At the top of this year’s list of most borrowed books is Jane Harper’s, The Survivors, which depicts the story of a man whose life changed forever on a single day when a reckless mistake led to devastating consequences. Jane Harper’s suspenseful thriller, The Lost Man, also features on this year’s most borrowed books and depicts a story about family secrets, suspicion and death.
Michael Robotham’s popular crime novels When She Was Good, a psychological thriller about a murder dressed as suicide, and Good Girl Bad Girl, a story about a forensic psychologist caught between two cases, both featured in the top 20.

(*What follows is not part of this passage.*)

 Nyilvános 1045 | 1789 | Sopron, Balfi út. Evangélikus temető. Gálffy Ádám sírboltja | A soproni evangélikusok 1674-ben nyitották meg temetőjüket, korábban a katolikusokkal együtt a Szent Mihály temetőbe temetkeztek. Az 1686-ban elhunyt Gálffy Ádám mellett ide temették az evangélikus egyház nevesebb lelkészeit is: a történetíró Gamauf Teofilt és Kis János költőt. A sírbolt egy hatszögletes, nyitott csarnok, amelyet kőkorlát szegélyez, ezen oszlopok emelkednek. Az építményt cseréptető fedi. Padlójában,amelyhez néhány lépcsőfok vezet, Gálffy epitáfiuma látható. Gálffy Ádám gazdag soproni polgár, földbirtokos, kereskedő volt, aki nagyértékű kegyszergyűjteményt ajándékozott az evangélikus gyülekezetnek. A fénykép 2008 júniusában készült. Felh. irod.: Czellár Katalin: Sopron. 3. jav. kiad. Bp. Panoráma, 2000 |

Australian authors continue to rise in popularity with almost two-thirds (65 per cent) of the top 20 borrowed books authored by Australians. This is up from 60 per cent in 2020 and 40 per cent in 2019.
Notable Australian authors recognised include Trent Dalton’s bestselling novel Boy Swallows The Universe featured alongside his most recent novel, All Our Shimmering Skies, which tells the story of adventure and unlikely friendships in World War II Australia. Liane Moriarty’s Nine Perfect Strangers, a story about uncovering the secrets of a group of people, was also recognised again as one of the most popular books.

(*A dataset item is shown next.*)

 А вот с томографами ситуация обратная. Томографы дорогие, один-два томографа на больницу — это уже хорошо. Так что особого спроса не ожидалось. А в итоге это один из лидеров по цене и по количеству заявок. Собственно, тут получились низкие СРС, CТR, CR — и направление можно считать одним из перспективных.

Australian biographies continued to be popular among readers with Leigh Sales’ Any Ordinary Day, Eddie Jaku’s The Happiest Man on Earth, Malcolm Turnbull’s A Bigger Picture and Behrouz Boochani’s No Friend But The Mountains: Writing from Manus Prison recognised in the top 10 biographies.

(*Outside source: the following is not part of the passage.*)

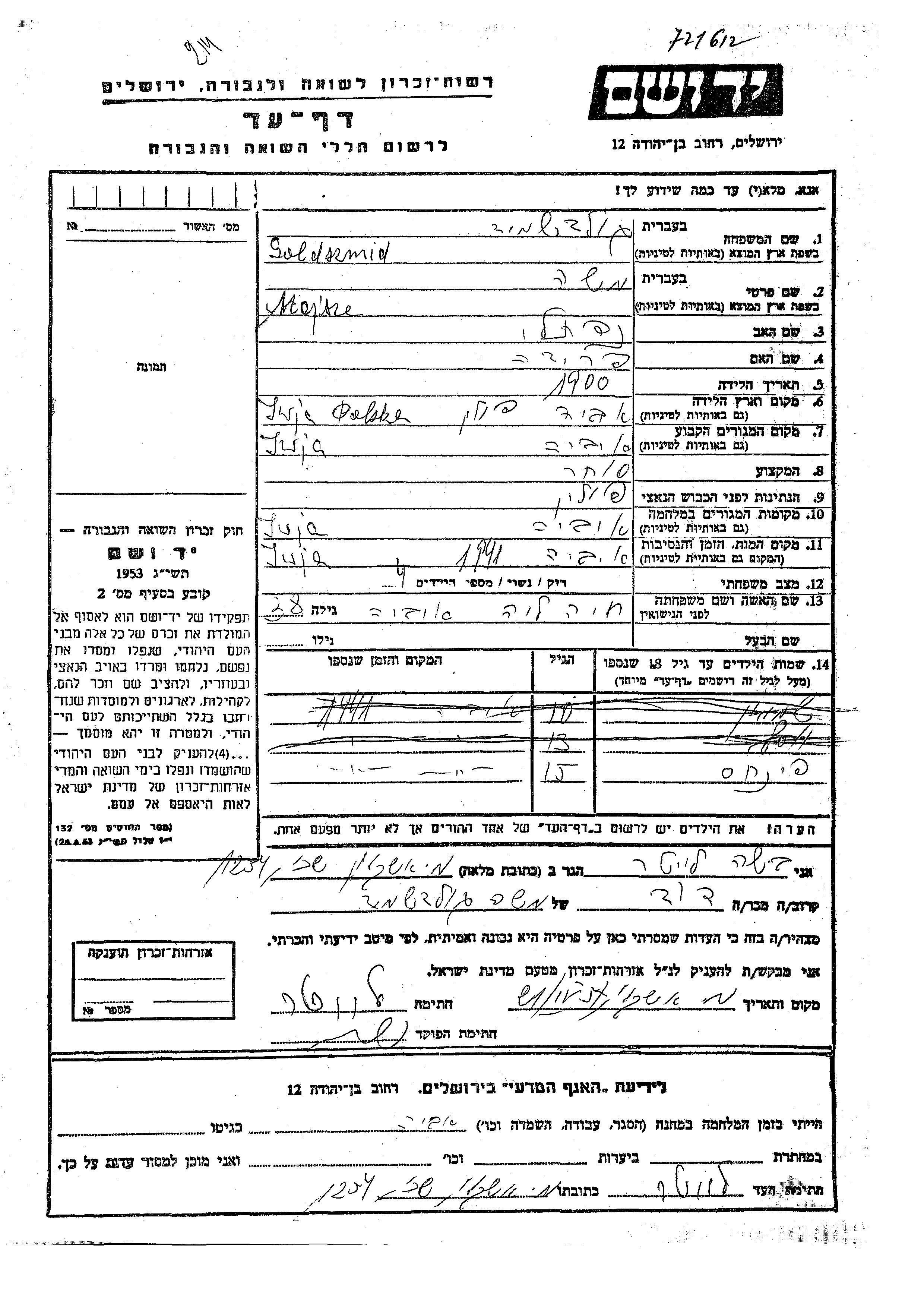 Goldszmid Yosef Iwja, Pologne Feuille de témoignage

Australian authors also dominated the most popular picture books with Lucinda Gifford’s Whitney and Britney Chicken Divas topping the list followed by Matt Cosgrove’s Alpacas with Maracas, Aaron Blabey’s Pig the Pug Series and the Bluey Series from the ABC.
Ipswich Libraries based in Queensland, that houses almost half a million titles, saw an 80 per cent increase in e-audio downloads, 67 per cent increase in e-books and a 120 per cent increase in e-magazine downloads.
ACT Libraries, that supports two million visitors each year to its nine branches, saw a 35 per cent increase of e-books and e-audio loans. Similarly, Yarra Plenty Regional Library in Melbourne saw a combined e-audio and e-book increase of 45 per cent.
Hutt City Libraries in New Zealand, that compromises of eight libraries, saw e-audio loans increase by 40 per cent and e-book loans increase by 41 per cent for the same time period.
Sue McKerracher, Chief Executive Officer, ALIA, says, “While local book awards have played an important part in the prominence of many of these authors, it’s also driven in part through campaigns like Australia Reads which encourages people to pick up and read a book. ALIA’s National Simultaneous Storytime, another campaign we run in which a picture book is simultaneously read in libraries, schools, pre-schools, childcare centres, homes and bookshops around the country seeks to encourage reading amongst children. This year’s reading comes from the International Space Station and will be beamed to more than 1.5 million children and families in Australia, New Zealand and countries around the world.”
The results are from the 2021 Civica Libraries Index which was compiled by analysing loans from libraries across Australia and New Zealand libraries that use Civica’s Spydus between 1st April 2020 – 31st March 2021. Spydus is a cloud-based software system developed in Australia that enables more than 2,500 libraries around the world to meet the needs of library members.